Any “return” objects must be modified in-place (i.e. passed as pointers). This enables
Python to control the memory access of these variables, and also to receive proper
error statuses (see below for how we do exception handling). We also adhere to the
convention that “output” variables should be passed to the function as its last
argument(s). In the case that _only_ the last argument is meant to be “output”, there
exists a simple wrapper _call_c_simple
in wrapper.py
that will neatly handle the
calling of the function in an intuitive pythonic way.
Running with Valgrind¶
If any changes to the C code are made, it is ideal to run tests under valgrind, and
check for memory leaks. To do this, install valgrind
(we have tested v3.14+),
which is probably available via your package manager. We provide a
suppression file for valgrind
in the devel/
directory of the main repository.
It is ideal if you install a development-version of python especially for running these tests. To do this, download the version of python you want and then configure/install with:
$ ./configure --prefix=<your-home>/<directory> --without-pymalloc --with-pydebug --with-valgrind
$ make; make install
Construct a virtualenv
on top of this installation, and create your environment,
and install all requirements.
If you do not wish to run with a modified version of python, you may continue with your
usual version, but may get some extra cruft in the output. If running with Python
version > 3.6, consider running with environment variable PYTHONMALLOC=malloc
(see https://stackoverflow.com/questions/20112989/how-to-use-valgrind-with-python ).
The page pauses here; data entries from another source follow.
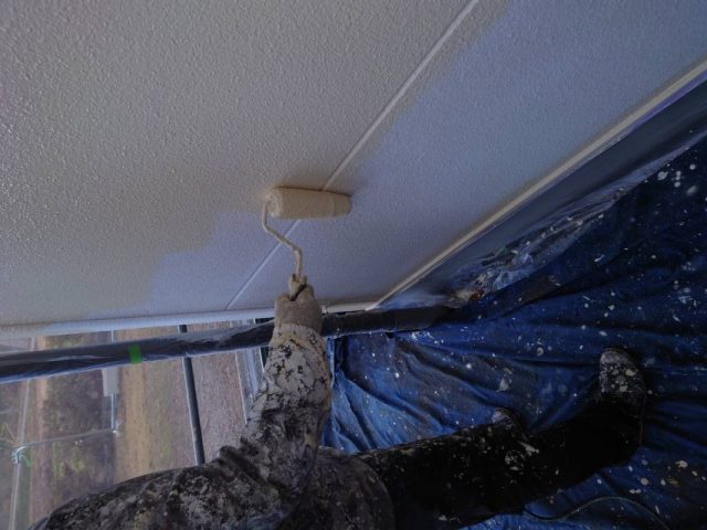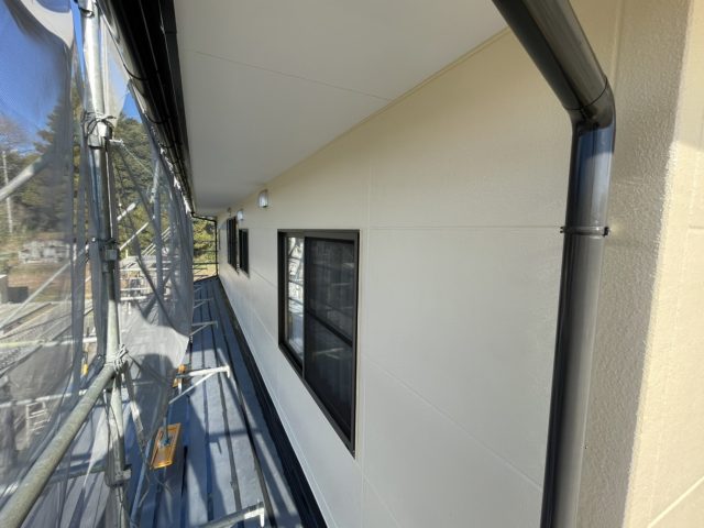 外壁1回目を終えて、外壁塗装の上塗り2回目を塗り終えたところです。
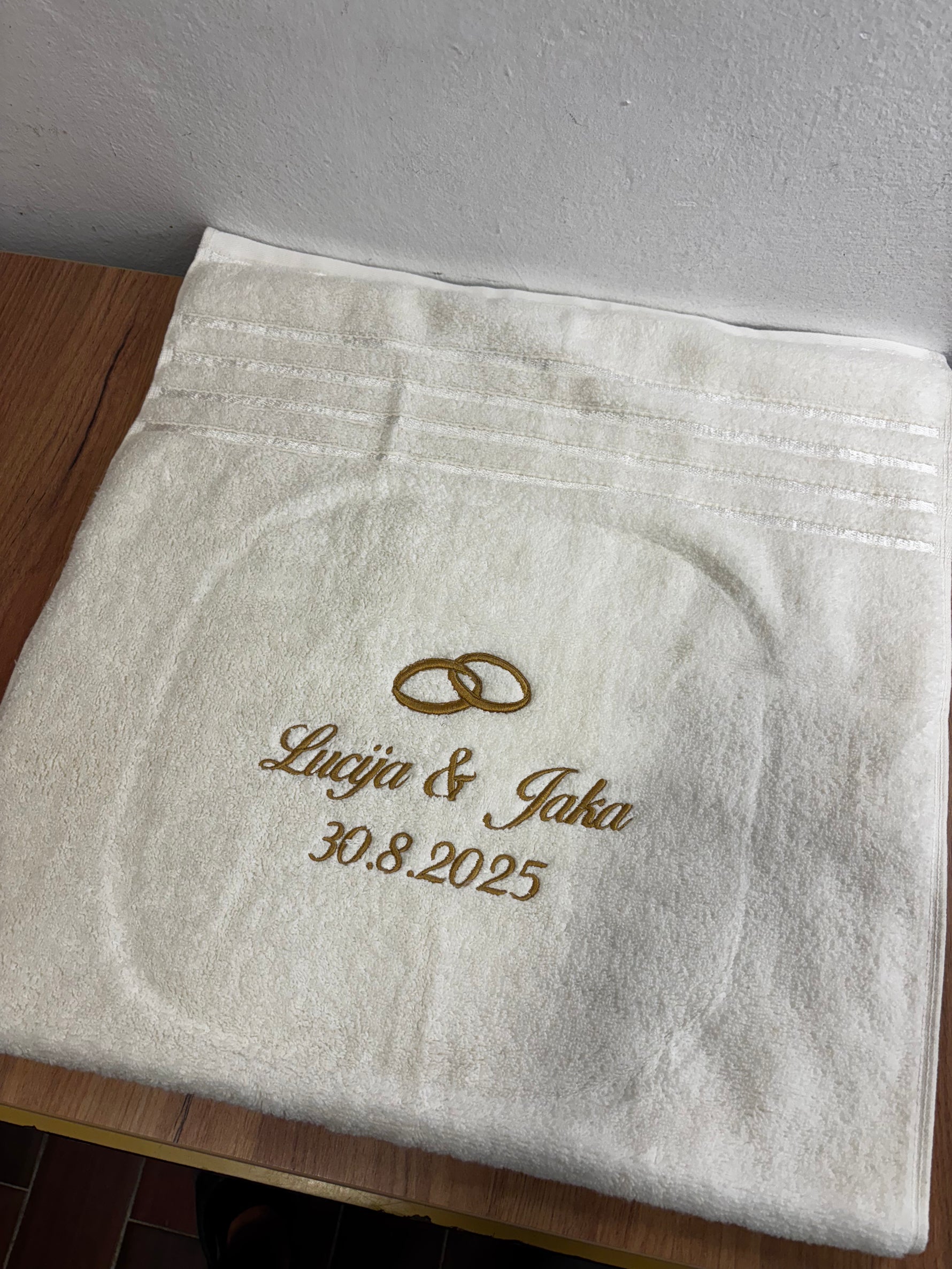 Perosnalizirano vezenje poročnega motiva na brisačo
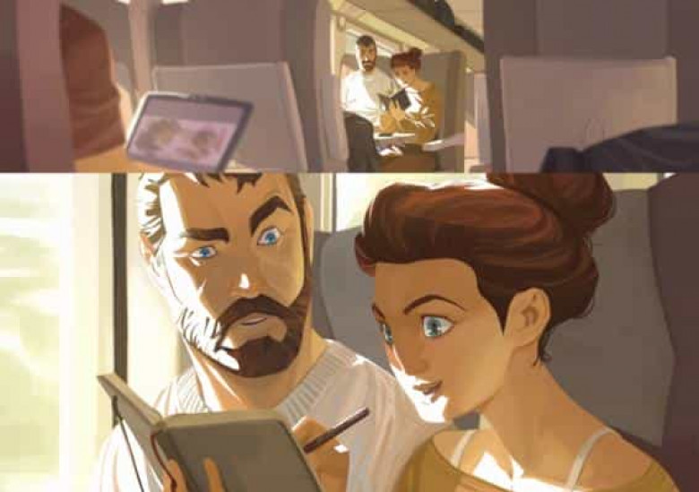 Ձեր ուշադրությանն ենք ներկայացնում ֆրանսիացի պատկերազարդող Nesskain-ի՝ «Café Rouge» ստեղծագործությունը, որտեղ պատկերված են երկու հերոսների՝ Դեյվիդի և Էլիզի փոխադարձ զգացմունքները:
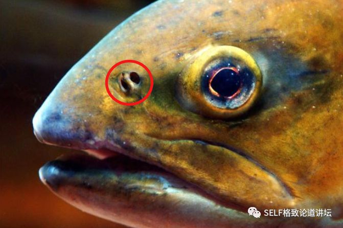 这就是我刚刚讲到的鱼,这是一条普通的鱼,它有两对外鼻孔,和我们是不一样的。
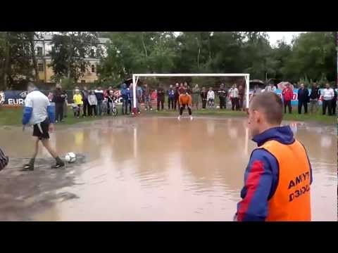 Вода нема само на белата точка и онаму каде што скока голманот. Инаку ова е финалето на 15-тиот традиционален летен фудбалски турнир „Лига на градот на младите“ кој се одржа во градот „Космомолск на Амур“.
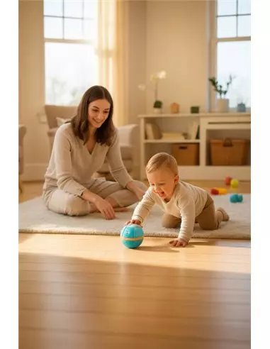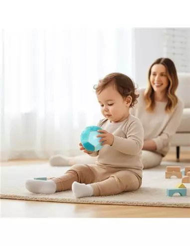 Avec son diamètre de 9,5 cm, elle est parfaitement adaptée aux petites mains : facile à attraper, lancer et faire rouler, elle stimule le développement de la motricité fine, de la coordination et de la curiosité sensorielle.
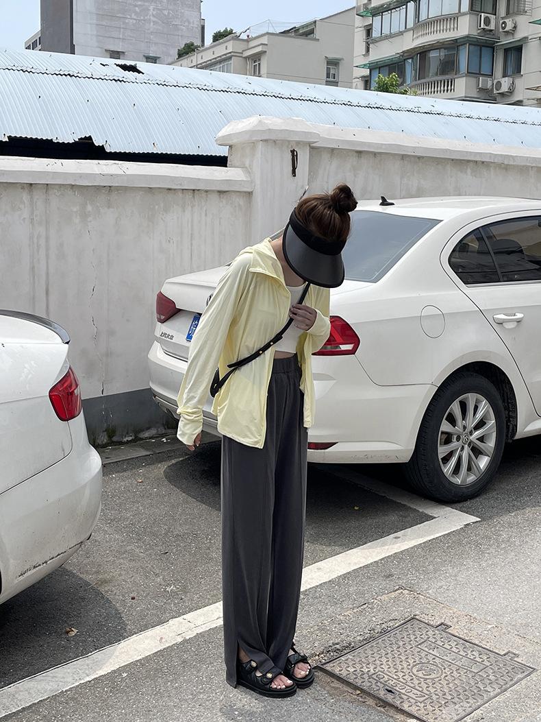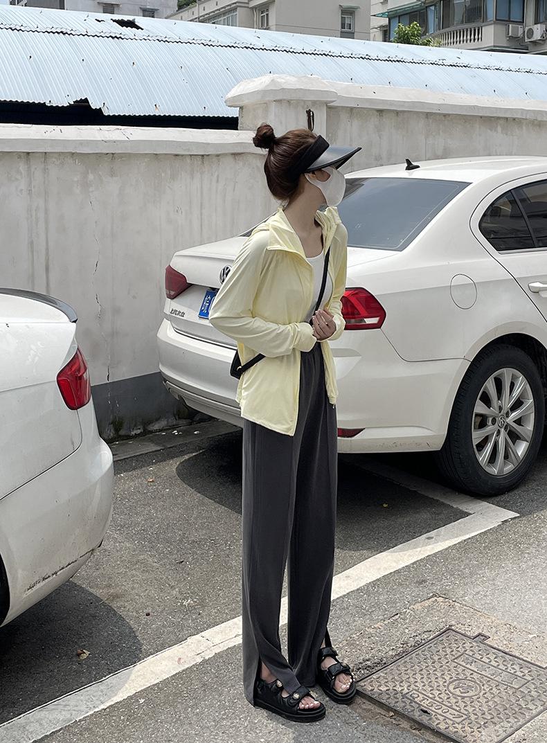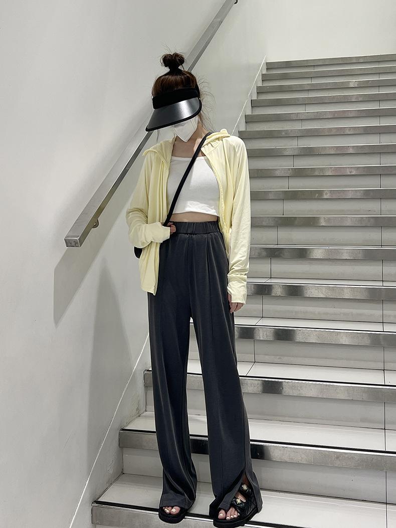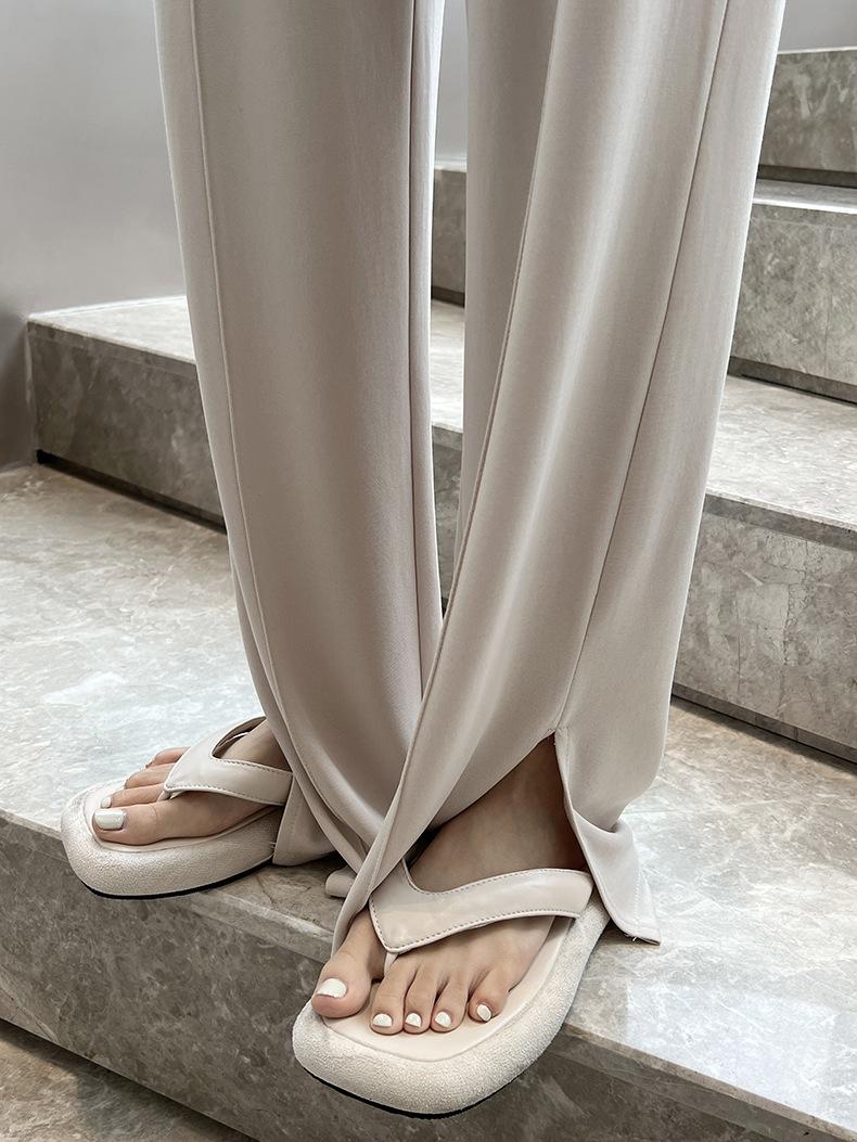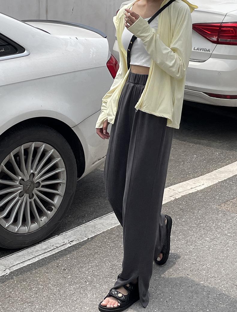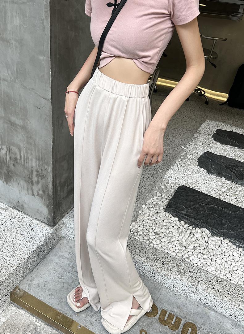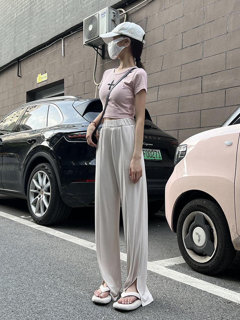 Pantalones grises divididos para mujer, pantalones de otoño estrechos de cintura alta y pierna ancha, pantalones casuales rectos que combinan con todo.
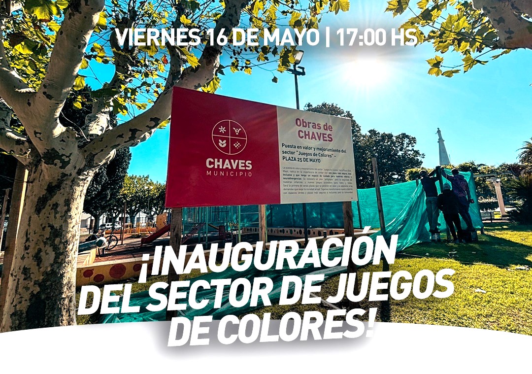 El próximo viernes 16 de mayo a las 17:00 horas, Chaves Municipio invita a todas las familias a ser parte de la inauguración del nuevo sector de juegos de colores en la Plaza 25 de Mayo.

The general pattern for using valgrind with python is:
$ valgrind --tool=memcheck --track-origins=yes --leak-check=full --suppressions=devel/valgrind-suppress-all-but-c.supp <python script>
One useful command is to run valgrind over the test suite (from the top-level repo directory):
$ valgrind --tool=memcheck --track-origins=yes --leak-check=full --suppressions=devel/valgrind-suppress-all-but-c.supp pytest
While we will attempt to keep the suppression file updated to the best of our knowledge so that only relevant leaks and errors are reported, you will likely have to do a bit of digging to find the relevant parts.
Valgrind will likely run very slowly, and sometimes you will know already which exact tests are those which may have problems, or are relevant to your particular changes. To run these:
$ PYTHONMALLOC=malloc valgrind --tool=memcheck --track-origins=yes --leak-check=full --suppressions=devel/valgrind-suppress-all-but-c.supp pytest -v tests/<test_file>::<test_func> > valgrind.out 2>&1
Note that we also routed the stderr output to a file, which is useful because it can be
quite voluminous. There is a python script, devel/filter_valgrind.py
which can be run
over the output (valgrind.out in the above command) to filter it down to only have
stuff from 21cmfast in it.
Producing Integration Test Data¶
There are bunch of so-called “integration tests”, which rely on previously-produced
data. To produce this data, run python tests/produce_integration_test_data.py
.
Furthermore, this data should only be produced with good reason – the idea is to keep it static while the code changes, to have something steady to compare to. If a particular PR fixes a bug which affects a certain tests’ data, then that data should be re-run, in the context of the PR, so it can be explained.
Logging in C¶
The C code has a header file logging.h
. The C code should never contain bare
print-statements – everything should be formally logged, so that the different levels
can be printed to screen correctly. The levels are defined in logging.h
, and include
levels such as INFO
, WARNING
and DEBUG
. Each level has a corresponding macro
that starts with LOG_
. Thus to log run-time information to stdout, you would use
LOG_INFO("message");
. Note that the message does not require a final newline character.
Exception handling in C¶
There are various places that things can go wrong in the C code, and they need to be
handled gracefully so that Python knows what to do with it (rather than just quitting!).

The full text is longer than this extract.